My smile widened. "Because I don't challenge you?"

"No, because you look happy. It's a look that agrees with you." His expression was soft.

"Happiness is an illusion. Short and fleeting. Here one moment and gone the next."

He brushed back my hair. "Who is it that instilled in you such a dark outlook in life?"

"Someone who no longer matters," I said, the dark memories threatening to steal more of the cloud I floated on, making my perch in this drowsy dream world even more precarious.

"He must have meant something at one time, macushla, for you to hold tight to such a sentiment."

I shifted, my eyes falling from his as the contentment faded until it was no more than a wisp across my senses.

"Who was it that helped you hide what you were after your making? Who instilled such fear in our kind?" he asked, his voice pulling at me, tugging at me until I wanted to reveal my deepest secrets.

"Why do you need to know that?" I asked, trying to think past the cloying cloud in my mind, actively fighting it now.

"Because, macushla, that person did you a grave disservice. I would have his name," Thomas said, the gentleness falling from his voice as a hint of steel threaded through it.

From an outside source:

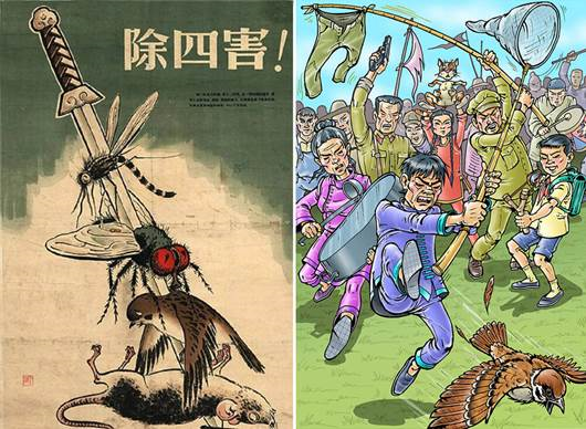 Im Rahmen des Programms “Großer Sprung nach vorn” wurde auf dem nächsten Parteitag der Kommunistischen Partei Chinas im Winter 1957 der Vorschlag unterbreitet, eine groß angelegte Kampagne zur Ausrottung der Spatzen zu starten. Diese Initiative wurde von Zhou Jian, dem stellvertretenden Bildungsminister, ins Leben gerufen. Er glaubte, dass, wenn Ratten und Spatzen vom Gesicht des Landes getilgt würden, Chinas Landwirtschaft in eine Ära beispiellosen Wachstums und Wohlstands eintreten würde. Um dem Ganzen die Krone aufzusetzen, gab es noch ein weiteres brillantes Argument: Die Chinesen sind unterernährt, weil gefräßige Vögel sie “auf den Feldern fressen”.

I winced and shook my head, the movement becoming violent as the words surfaced in my head. "No, no. He helped me."

"Did he?" That silken voice twined around me. "He left you knowing nothing about your new state. Not how to protect yourself or how to navigate the world. My enforcer tells me you had not seen sunlight since your making. What kind of monster deprives another of the sun?"

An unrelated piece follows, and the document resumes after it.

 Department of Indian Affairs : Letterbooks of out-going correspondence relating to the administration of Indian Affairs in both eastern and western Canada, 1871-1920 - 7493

"It's not like that." The mental forest trembled around me, disturbed by my inner turbulence much as a storm would have rustled the trees and thunder shaken the ground.

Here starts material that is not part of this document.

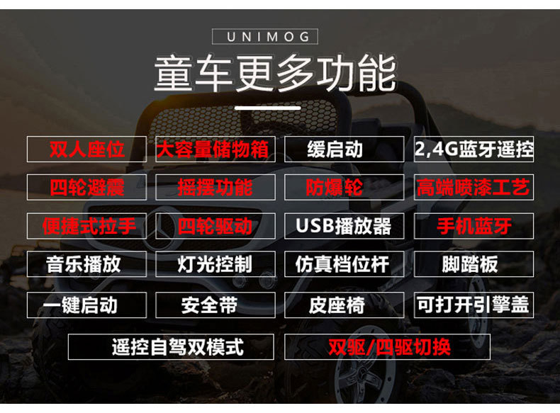 ▸四輪驅動,動力更強勁,爬坡行駛更順暢。

"I can make you tell me," Thomas said.

The world around me froze, time standing still at that one statement. My mental forest settled and a calm similar to the contentment of earlier took hold, but this time deeper and stronger.

"Do your worst. Sire."

He drew back, his eyes narrowed, his fangs turning his handsome face into something out of this world. I sat up on the couch taking advantage of the space as he stood, pacing from one end of the room to another.

The fact that he hadn't already compelled me, told me he couldn't. It made hope leap in my chest. Hope that Liam's advice had given me some semblance of freedom, that my free will hadn't been subsumed under his.

He grabbed the bloodwine off his desk then set it down without drinking it. While he was distracted, I threw my legs over the side of the day bed until I was sitting upright. My first instinct was to put distance between me and the item that had been privy to my weakness. I forced myself to wait, knowing that his blood had affected me in ways I did not fully understand. The only thing worse than staying seated, confined here, was standing and chancing falling flat on my face.

I did not want to show weakness. Baby vamp I might be, but I was a badass infant capable of keeping my feet under me at all times.

"Aileen, one day you're going to see I'm right—that this world you are now a part of is not the worst fate you could bear, and that I saved you from a life of mediocrity," Thomas said, his back to me as I pushed myself to standing. I wobbled but somehow managed to remain upright.

"Hell will freeze over before that day comes." Confidence rang in my voice.

He turned to me, whatever emotions, whatever frustration he'd felt, masked by the confidence in his expression. "I am sure all children tell that to their parents."

I raised an eyebrow at him. "I've already got parents. You're not among them."

I didn't wait to be dismissed, making my way toward the door knowing my time upright was limited. Already my muscles wanted to collapse like wilted leaves of lettuce.